Curb Your Enthusiasm
There are far more episodes of this than I will ever have the constitution to watch, but this last series was well worth catching for the Seinfeld reunion. The actual episode of Seinfeld produced within the show isn’t shown in full, but the real payoff is better: having Larry and Jerry in the same show. You can immediately see why Seinfeld itself turned out so well: Larry’s darker, but funnier with a more positive presence to play off. And Jerry’s funnier when he has someone to take him to more absurd and surreal places. Best of all, the verite style of Curb lets them honestly laugh at each other’s stuff, which somehow makes all of it funnier.
Dollhouse
It took a long time to build enough on to its unconvincing premise – brainwashable prostitutes – to convince anyone it was worthwhile, but this second season has really picked up pace. It’s started to show a surprising commitment to progressing the plot in drastic ways with each episode, and even the one-offs have cleared up major backstory mysteries. Perhaps it was a series that knew it would die soon, or perhaps there’s a huge masterplan we’ll ever see. Either way, I don’t feel like we’re losing masses of unexplored potential by ending the series now, but I’m enjoying the impressive rate it’s burning through what it’s got left.

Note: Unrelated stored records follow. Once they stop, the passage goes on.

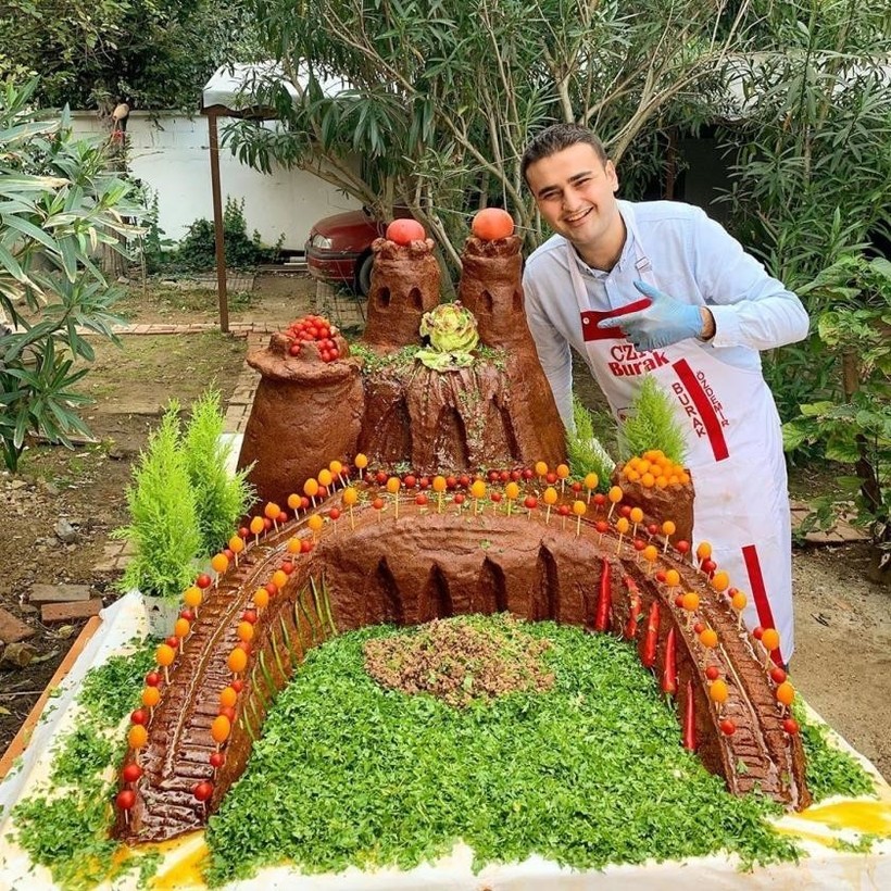 Следующим у нас идет турок по происхождению шеф-повар Бурак Оздемир. Бурак прославился тем, что готовит неимоверно огромные порции национальных турецких блюд и не только. Видео с процессом приготовления Бурак выставляет для своих многочисленных поклонников в социальные сети.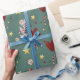 Christmas theme wrapping paper featuring colourful hand-drawn holiday symbols with red gold and forest green colours.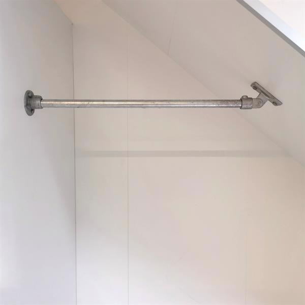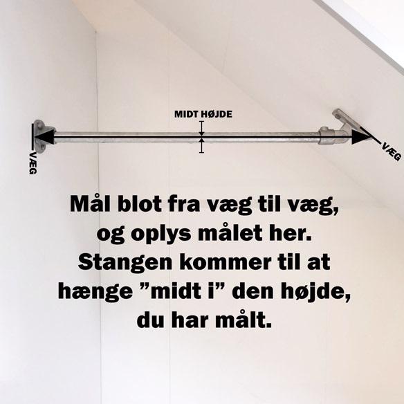 Vi skræddersyer stangen til at passe mellem en væg og en skråvæg hjemme hos dig.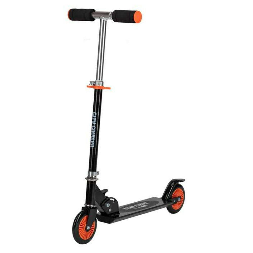- Тротинетот го поттикнува движењето на детето и помага да се развие чувство на рамнотежа и моторни вештини. Тротинетот има обложени рачки, две тркала и кормило што се прилагодува на висина. По употреба, можете едноставно да го преклопите скутерот - вратот на скутерот се наведнува кон држачот, телескопската рачка се преклопува и скутерот е преклопен. Максималното оптоварување на скутерот е 50 kg.
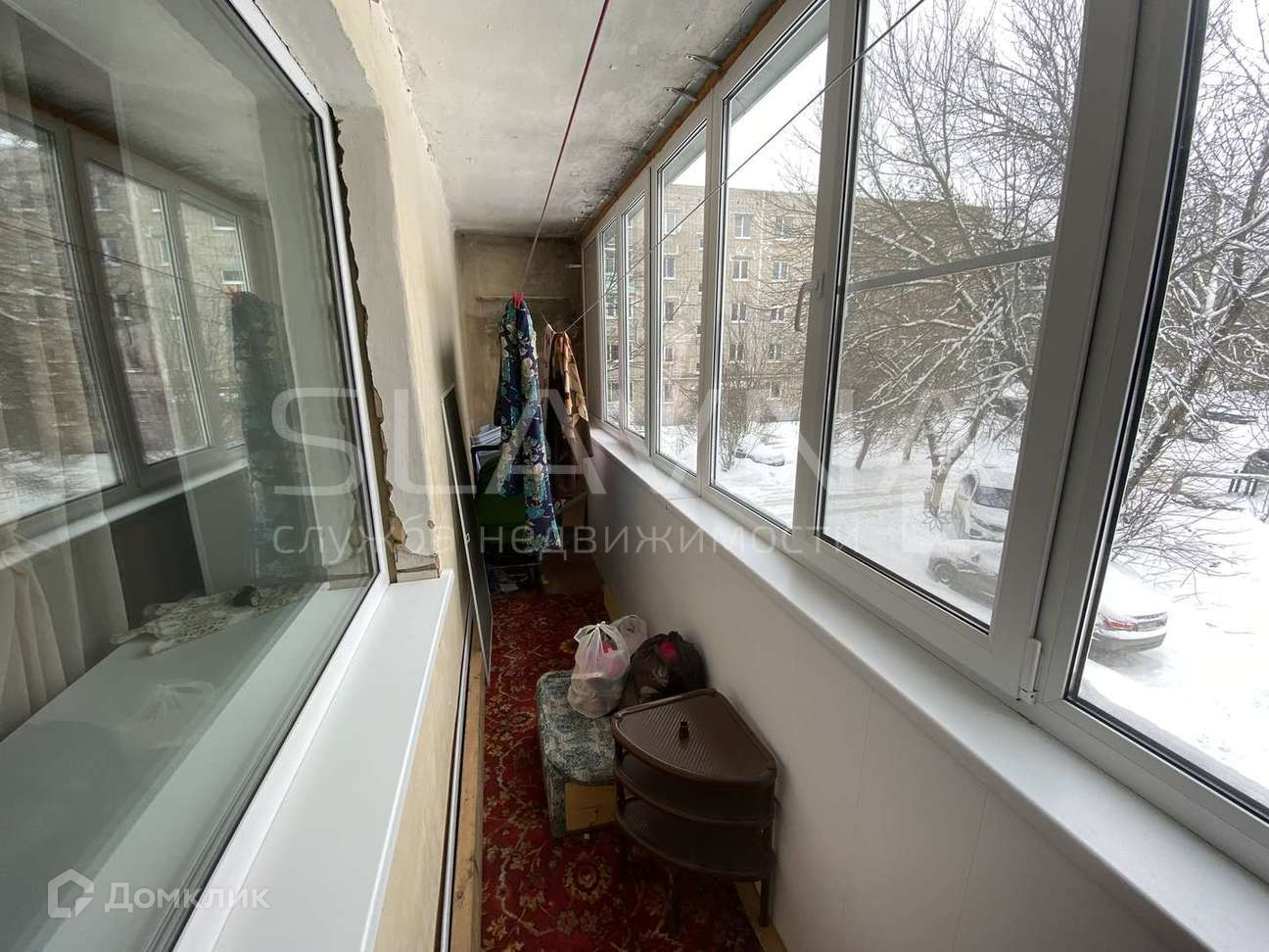 Большая, застекленная лоджия 6 метров.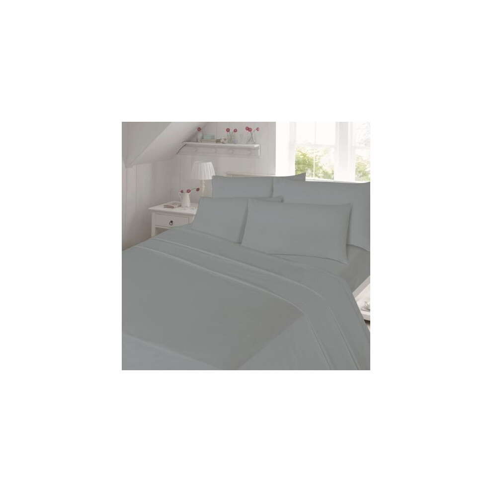 (Grey, Super King) Full Flat Sheet Bed Sheets 100% Poly Cotton Single Double King Super King Size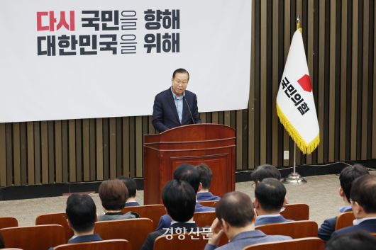 대선 후보 단일화를 두고 국회에서 6일 열린 국민의힘 의원총회에서 권영세 비대위원장이 모두 발언을 하고 있다. 한수빈 기자 |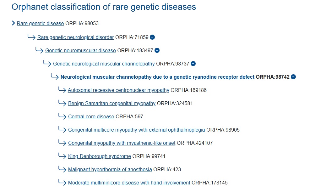 “Doenças Relacionadas ao RYR1 – RYR1-RD” é um termo abrangente que engloba uma gama de subtipos relacionados ao RYR1 que afetam o sistema neuromuscular em humanos. O Orphanet, ( https://www.orpha.net/ ) banco de dados europeu de doenças raras, lista diversas condições relacionadas ao gene RYR1 (figura a seguir):

Man-doll Victor’s been the other treat of this season – previously stuck in some pretty dull roles, he’s since been given three or four chances to mimic other characters when ‘imprinted’ with their personality. Each time, the performance has been creepily good. When trying to tot up how many times it had happened just now, it took me a while to remember that he’d ever impersonated Topher – I just filed that whole sequence as ‘the bit with two Tophers’.
Update: just saw the latest. Whaaaaaat.
Castle
I gave this a chance solely because it had Nathan Fillion – Firefly’s Captain Reynolds – in it, and happened to do so on the episode where his character dresses as Mal Reynolds for Halloween. “Didn’t you wear that like five years ago?” His daughter comments. “Don’t you think you should move on?”
It couldn’t pick a more worn-smooth formula if it consciously tried: a police procedural starring a non-cop ‘consultant’ who helps the department solve crimes by a) having some special insight into the criminal mind and b) projecting an aura that prevents ordinary cops from grasping rudimentary logic until it’s phrased to them in allegorical form. The flavour this time is that he’s a best-selling crime writer. And that it’s brilliant.
The twists are small but effective: Lady Cop’s disapproving relationship with him is complicated by the fact that she’s always been a fan of his trashy work, and there’s something almost cute about her determination to give him a harder time to compensate. Castle himself is a rockstar in the literary world, but a powerless underling in law enforcement – Fillion manages to be charming, funny and pathetic as both. And his profession gives him a boyish excitement for working with the police rather than the sneering smugness the genius character usually has.
His daughter, whose inclusion initially triggers a Pavlovian sense that this is where it’s about to jump the shark, isn’t used as a source of whiny teenage tension. Instead she’s just a bedrock for the character, convincing, likable and sweet. It’s so rare to see a father/daughter relationship on screen where they just seem to be friends, and neither of them is being an asshole – the highest compliment I can pay is that it reminds me of Veronica and Keith Mars. It’s only because all this stuff works that she serves the purpose most irritating daughter characters are trying to: she humanises a man who seems otherwise ghoulish in his enthusiasm for murder.
Dexter
Speaking of men ghoulish in their enthusiasm for murder – yes! Link! – wow, Dexter was incredible last year. Seasons two and three both ultimately vindicated themselves, but each had a wholly annoying, dangerously predominant character who forever threatened to ruin it. Season four’s non-annoying equivalent is 3rd Rock From The Sun’s John Lithgow, and the wrinkly sociopath he chillingly portrays is one of the most compelling screen murderers I can remember.
Funnily enough, despite an exciting escalation from the worst Thanksgiving ever to an extraordinarily grim finale, the episode that stuck with me was an early one-off. A sleep-deprived Dexter completely loses track of where he’s stashed a body, and consistently one-ups himself by avoiding all the places even he would think to look. I think the core appeal of Dexter is that, whether or not we’ve killed anyone, we all remember how it feels to have done something bad. Even if it was as a kid, the consuming fear of getting caught is scarier than any monster or murderer, because no-one’s going to be on your side.
Flight of the Conchords
Loretta broke my heart in a letter
She told me she was leaving and her life would be better
Joan broke it off over the phone
After the tone she left me alone
Jen said she’d never ever see me again
When I saw her again, she said it again
Jan met another man
Leeza got amnesia just forgot who I am
Felicity, said there was no electricity
Emily, no chemistry
Fran ran, Bruce turned out to be a man
Flo had to go; I couldn’t go with the flow
Carol Brown just took a bus out of town
But I’m hoping that you’ll stick around
(He doesn’t cook or clean; he’s not good boyfriend material)
Ooh we can eat cereal!
(You’ll lose interest fast, his relationships never last)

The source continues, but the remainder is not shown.